Intensifying wildfire activity and climate change can drive rapid forest compositional shifts. In boreal North America, black spruce shapes forest flammability and depends on fire for regeneration. This relationship has helped black spruce maintain its dominance through much of the Holocene. However, with climate change and more frequent and severe fires, shifts away from black spruce dominance to broadleaf or pine species are emerging, with implications for ecosystem functions including carbon sequestration, water and energy fluxes, and wildlife habitat. Here, we predict that such reductions in black spruce after fire may already be widespread given current trends in climate and fire. To test this, we synthesize data from 1,538 field sites across boreal North America to evaluate compositional changes in tree species following 58 recent fires (1989 to 2014). While black spruce was resilient following most fires (62%), loss of resilience was common, and spruce regeneration failed completely in 18% of 1,140 black spruce sites. In contrast, postfire regeneration never failed in forests dominated by jack pine, which also possesses an aerial seed bank, or broad-leaved trees. More complete combustion of the soil organic layer, which often occurs in better-drained landscape positions and in dryer duff, promoted compositional changes throughout boreal North America. Forests in western North America, however, were more vulnerable to change due to greater long-term climate moisture deficits. While we find considerable remaining resilience in black spruce forests, predicted increases in climate moisture deficits and fire activity will erode this resilience, pushing the system toward a tipping point that has not been crossed in several thousand years. 

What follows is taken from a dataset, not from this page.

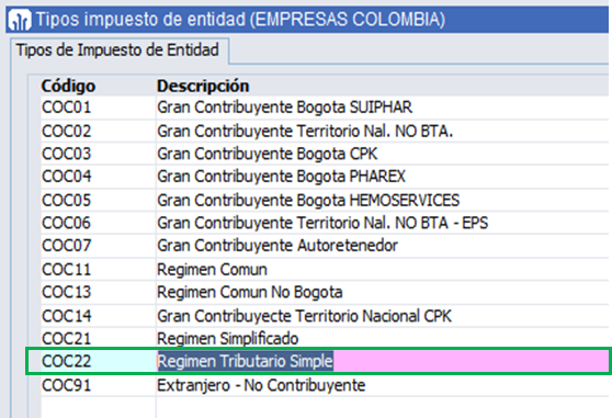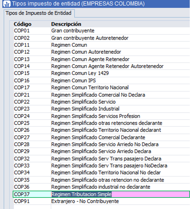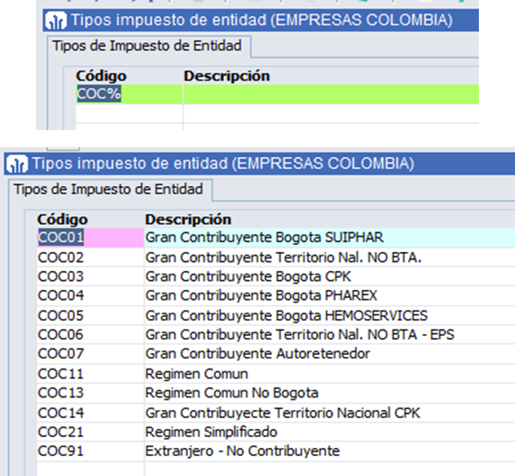 Se realiza el mismo procedimiento anterior, pero para ver el listado de impuestos de proveedores, se consulta por el campo ‘Código’ (COP%).

The transition zone between the northern boreal forest and the arctic tundra, known as the tundra-taiga ecotone (TTE) has undergone rapid warming in recent decades. In response to this warming, tree density, growth, and stand productivity are expected to increase. Increases in tree density have the potential to negate the positive impacts of warming on tree growth through a reduction in the active layer and an increase in competitive interactions. We assessed the effects of tree density on tree growth and climate-growth responses of Cajander larch (Larix cajanderi) and on trends in the normalized difference vegetation index (NDVI) in the TTE of Northeast Siberia. We examined 19 mature forest stands that all established after a fire in 1940 and ranged in tree density from 300 to 37,000 stems ha-1. High density stands with shallow active layers had lower tree growth, higher stand productivity, and more negative growth responses to growing season temperatures compared to low density stands with deep active layers. Variation in stand productivity across the density gradient was not captured by Landsat derived NDVI, but NDVI did capture annual variations in stand productivity. Our results suggest that the expected increases in tree density following fires at the TTE may effectively limit tree growth and that NDVI is unlikely to capture increasing productivity associated with changes in tree density.